:: EXERCISE PROMPT ::
Write out the listing exactly, dropping any picture it contains.

:: RECORDED INFORMATION ::
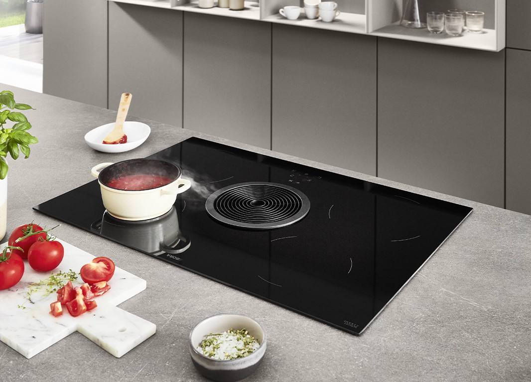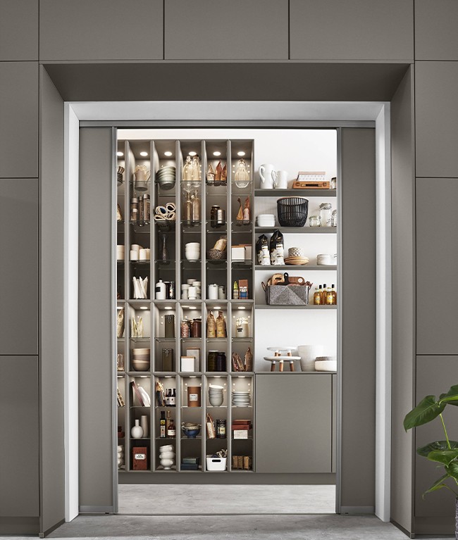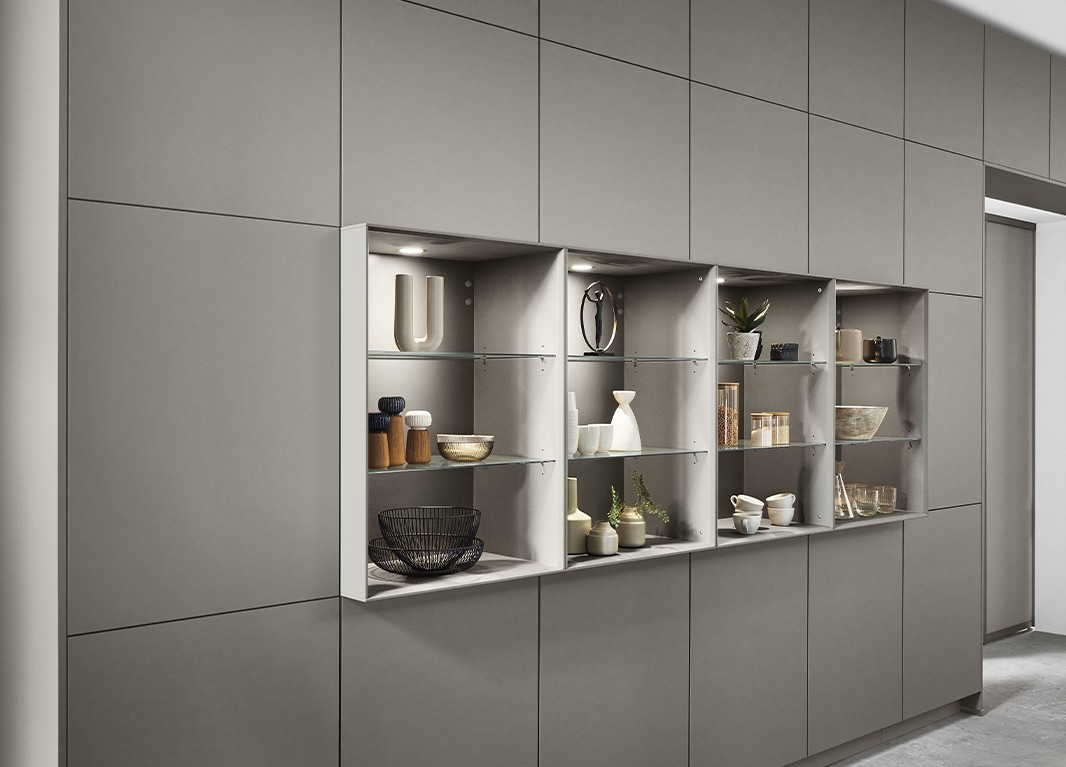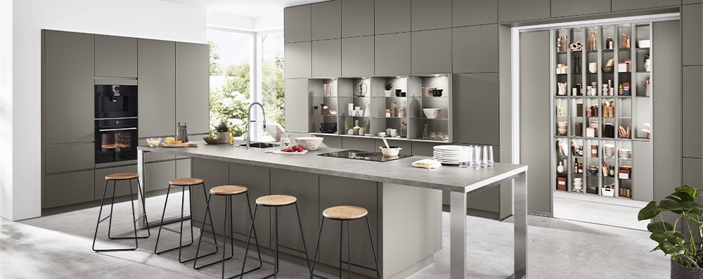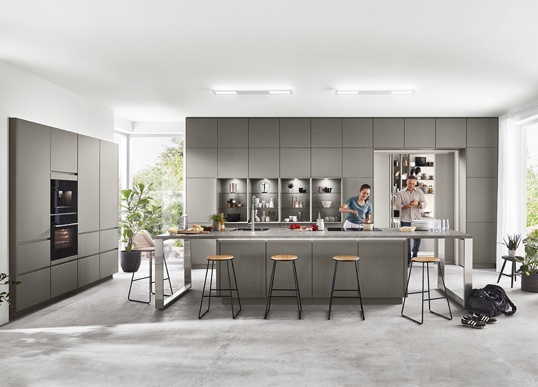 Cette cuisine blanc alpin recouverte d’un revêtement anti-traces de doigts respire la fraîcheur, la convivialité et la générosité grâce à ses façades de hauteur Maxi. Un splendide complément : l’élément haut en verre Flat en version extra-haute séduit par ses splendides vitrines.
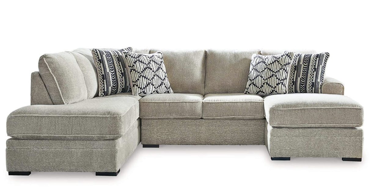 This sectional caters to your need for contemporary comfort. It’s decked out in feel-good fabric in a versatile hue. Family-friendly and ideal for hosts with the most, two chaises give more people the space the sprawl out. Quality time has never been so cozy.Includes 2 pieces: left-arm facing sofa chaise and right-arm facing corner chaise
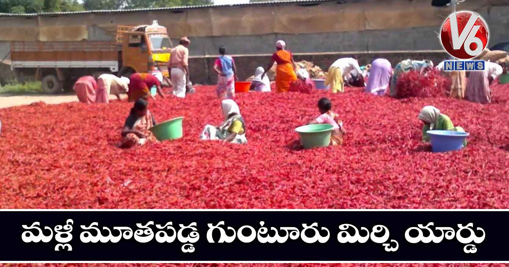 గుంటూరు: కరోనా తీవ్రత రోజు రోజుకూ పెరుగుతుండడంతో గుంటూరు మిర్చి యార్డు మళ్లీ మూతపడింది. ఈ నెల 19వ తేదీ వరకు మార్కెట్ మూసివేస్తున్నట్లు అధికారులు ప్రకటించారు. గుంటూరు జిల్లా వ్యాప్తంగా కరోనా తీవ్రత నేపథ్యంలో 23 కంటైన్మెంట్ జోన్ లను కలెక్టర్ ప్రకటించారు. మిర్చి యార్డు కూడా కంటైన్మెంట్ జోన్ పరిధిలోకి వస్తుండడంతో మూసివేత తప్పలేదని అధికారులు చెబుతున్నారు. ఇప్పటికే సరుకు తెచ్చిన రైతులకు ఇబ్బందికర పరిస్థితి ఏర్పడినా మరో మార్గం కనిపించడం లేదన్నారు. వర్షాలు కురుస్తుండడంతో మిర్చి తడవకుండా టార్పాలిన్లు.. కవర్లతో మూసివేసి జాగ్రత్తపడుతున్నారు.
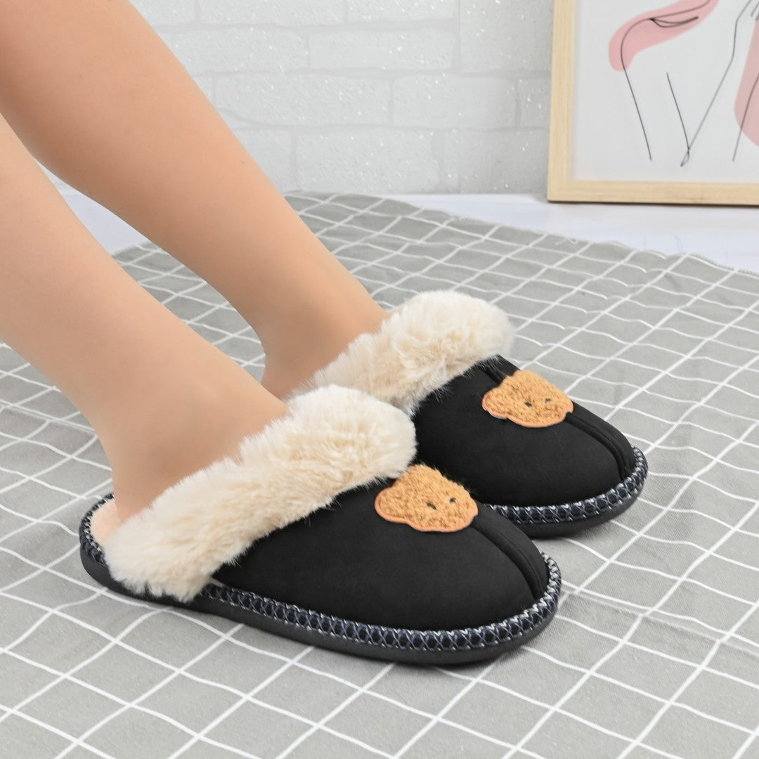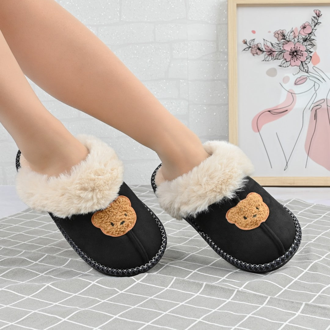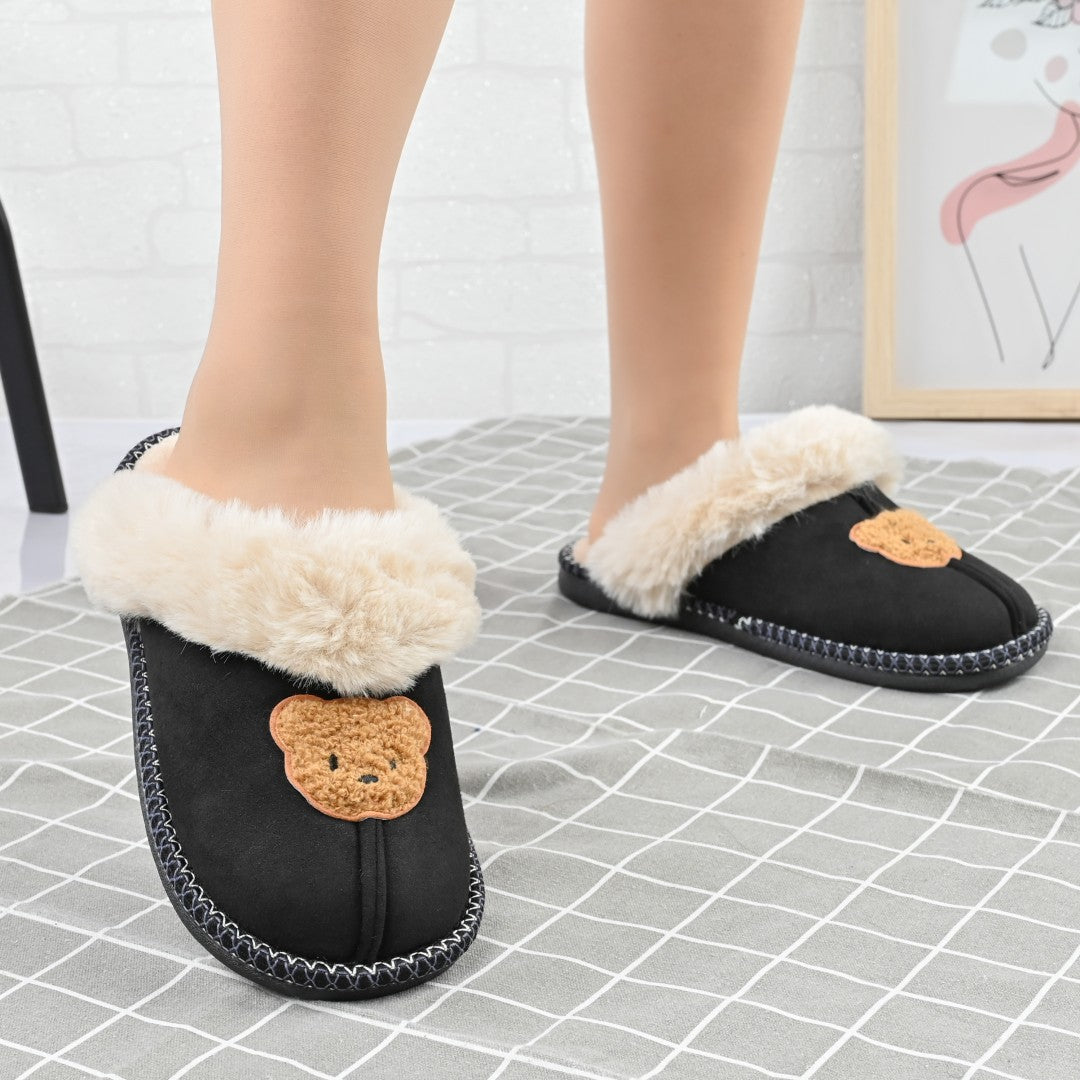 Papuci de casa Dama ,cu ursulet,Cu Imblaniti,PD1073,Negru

:: OUTPUT FOR THIS TASK ::
 Cette cuisine blanc alpin recouverte d’un revêtement anti-traces de doigts respire la fraîcheur, la convivialité et la générosité grâce à ses façades de hauteur Maxi. Un splendide complément : l’élément haut en verre Flat en version extra-haute séduit par ses splendides vitrines.
 This sectional caters to your need for contemporary comfort. It’s decked out in feel-good fabric in a versatile hue. Family-friendly and ideal for hosts with the most, two chaises give more people the space the sprawl out. Quality time has never been so cozy.Includes 2 pieces: left-arm facing sofa chaise and right-arm facing corner chaise
 గుంటూరు: కరోనా తీవ్రత రోజు రోజుకూ పెరుగుతుండడంతో గుంటూరు మిర్చి యార్డు మళ్లీ మూతపడింది. ఈ నెల 19వ తేదీ వరకు మార్కెట్ మూసివేస్తున్నట్లు అధికారులు ప్రకటించారు. గుంటూరు జిల్లా వ్యాప్తంగా కరోనా తీవ్రత నేపథ్యంలో 23 కంటైన్మెంట్ జోన్ లను కలెక్టర్ ప్రకటించారు. మిర్చి యార్డు కూడా కంటైన్మెంట్ జోన్ పరిధిలోకి వస్తుండడంతో మూసివేత తప్పలేదని అధికారులు చెబుతున్నారు. ఇప్పటికే సరుకు తెచ్చిన రైతులకు ఇబ్బందికర పరిస్థితి ఏర్పడినా మరో మార్గం కనిపించడం లేదన్నారు. వర్షాలు కురుస్తుండడంతో మిర్చి తడవకుండా టార్పాలిన్లు.. కవర్లతో మూసివేసి జాగ్రత్తపడుతున్నారు.
 Papuci de casa Dama ,cu ursulet,Cu Imblaniti,PD1073,Negru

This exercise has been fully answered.